Material for the task: Begin
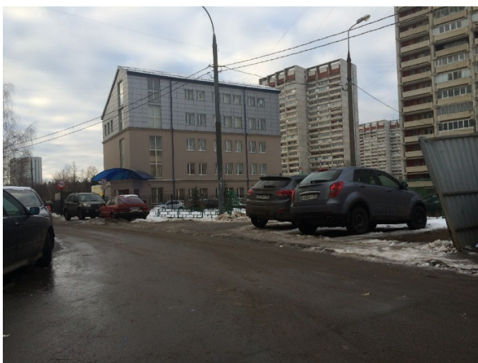
5-ти этажное здание в Зеленограде, построенное на месте ЦТП
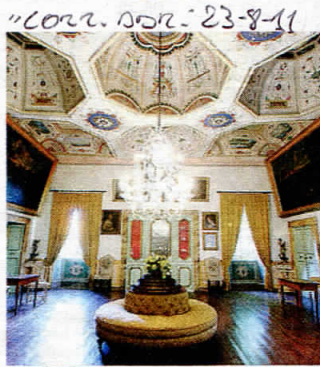
Una sala di Palazzo Castiglioni

Domani pomeriggio alle 18 si inaugurerà la mostra celebrativa "Le stanze di un pontefice", Pio VIII, Francesco Saverio Castiglioni. La mostra, che rimarrà aperta fino al 23 ottobre, è diretta a promuovere e valorizzare la figura del pontefice cingolano il cui operato, forse a causa della sua breve durata (maggio 1829 – novembre 1830), appare poco conosciuto. Inoltre con l'apertura al pubblico delle stanze del Palazzo Castiglioni si vuol evidenziare la ricchezza di un patrimonio storico cingolano certamente pregevole, ma ancora poco
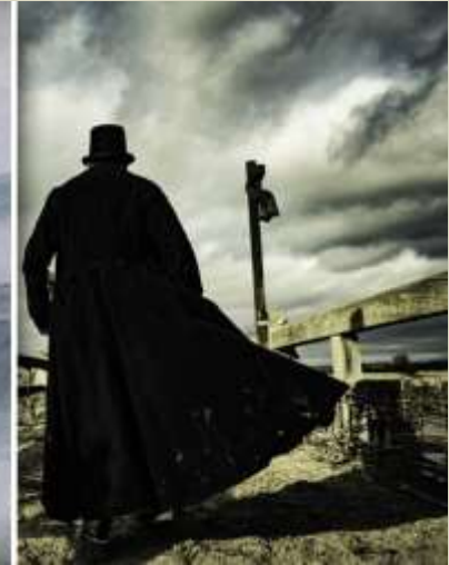
Knight - fotograma serie Taboo, 2017
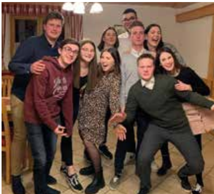
Der Vorstand der LJ Leutschach

Ab dem 14. Lebensjahr können sich neue motivierte Jugendliche bei unseren Mitgliedern melden, um unserer Landjugend beizutreten.
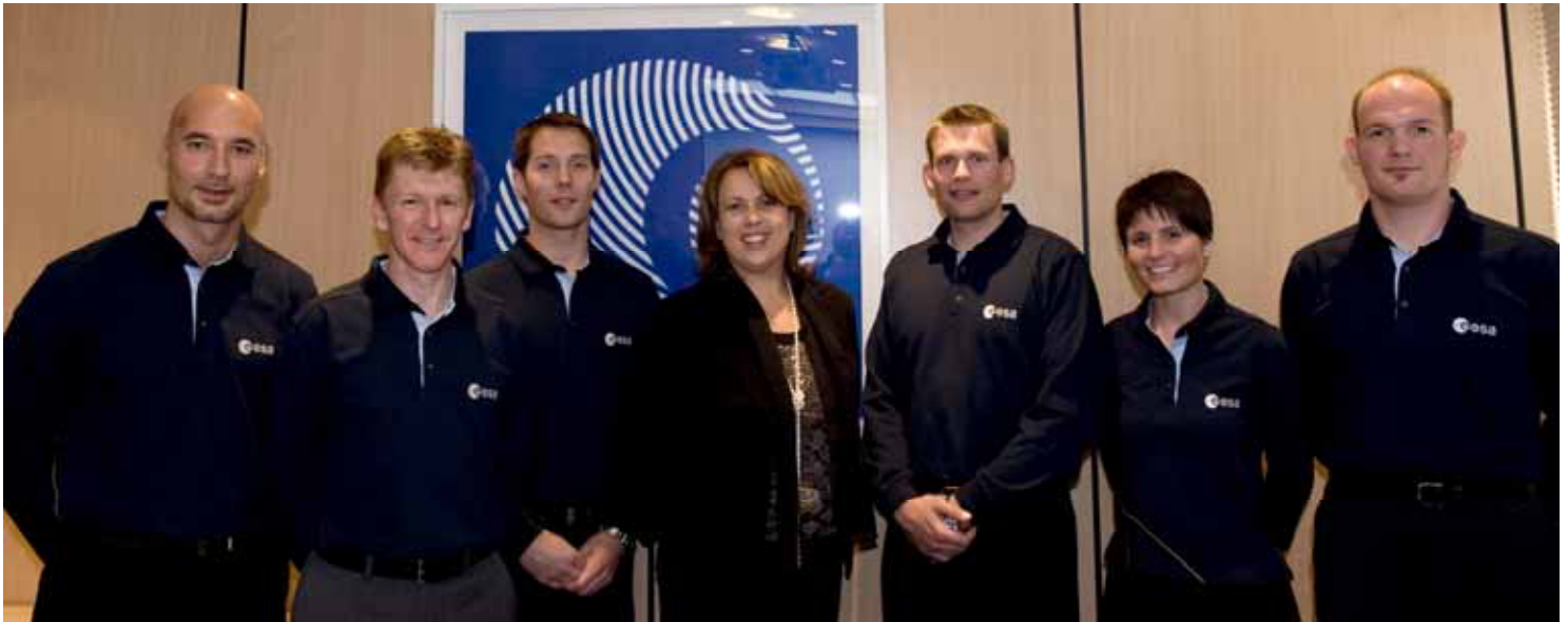
Sådan ser det nye hold af europæiske astronauter ud. Nummer tre fra højre er danske Andreas Mogensen.

Så lykkedes det! Danmark har fået sin allerførste astronaut. Andreas Mogensen er 32 år og rumforsker. Hvornår vi kommer til at se ham gå på månen eller blot på vej til en rumstation, er der vist ingen, der ved. Det kan tage rigtig lang tid - mindst fire år - før der bliver en ledig plads. Den nybagte astronaut tror selv på mellem 5 og ti år, siger han til nyhedsmedierne.
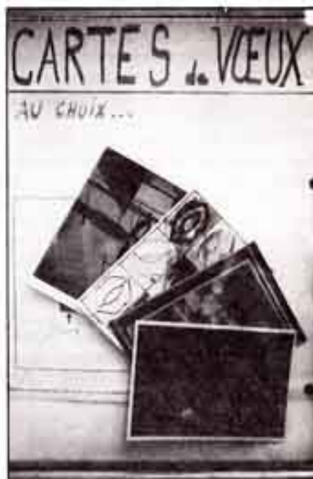
Chaque carte est tirée à une centaine d'exemplaires.

Le choix du support fait de l'initiative du "Coeur m'en dit" la première expérience artistique de ce genre en France. Même en étant allergique à toutes formes d'art, on peut très bien envoyer une de ces cartes à quelqu'un de cher pour lui communiquer un peu de chaleur, de joie ou de bonheur. Car le graphisme offrant un contenu est porteur de message, si bien que tout texte au verso est quelquefois superflu. Ce qui nous change bien des habituelles cartes qui hantent les tourniquets des lieux les plus touristiques de Strasbourg.
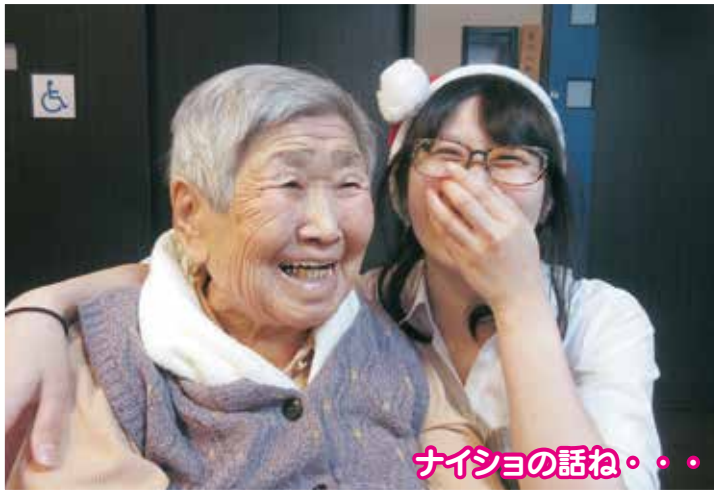
ナイショの話ね・・・
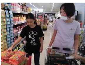
おやつは小学部さんの担当です
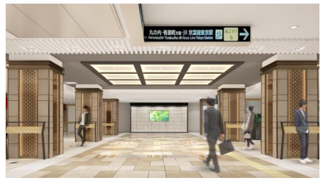
サウススポット イメージ (2022年度完成予定)
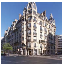
Rue de Courcelles, Paris 17 e
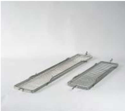
BROCHE POUR PORTION DE POULETS
Material for the task: End
Your output is the lines from the top of the entries through the line containing "Der Vorstand der LJ Leutschach", exactly as they stand. No pictures belong in it.

5-ти этажное здание в Зеленограде, построенное на месте ЦТП
Una sala di Palazzo Castiglioni

Domani pomeriggio alle 18 si inaugurerà la mostra celebrativa "Le stanze di un pontefice", Pio VIII, Francesco Saverio Castiglioni. La mostra, che rimarrà aperta fino al 23 ottobre, è diretta a promuovere e valorizzare la figura del pontefice cingolano il cui operato, forse a causa della sua breve durata (maggio 1829 – novembre 1830), appare poco conosciuto. Inoltre con l'apertura al pubblico delle stanze del Palazzo Castiglioni si vuol evidenziare la ricchezza di un patrimonio storico cingolano certamente pregevole, ma ancora poco
Knight - fotograma serie Taboo, 2017
Der Vorstand der LJ Leutschach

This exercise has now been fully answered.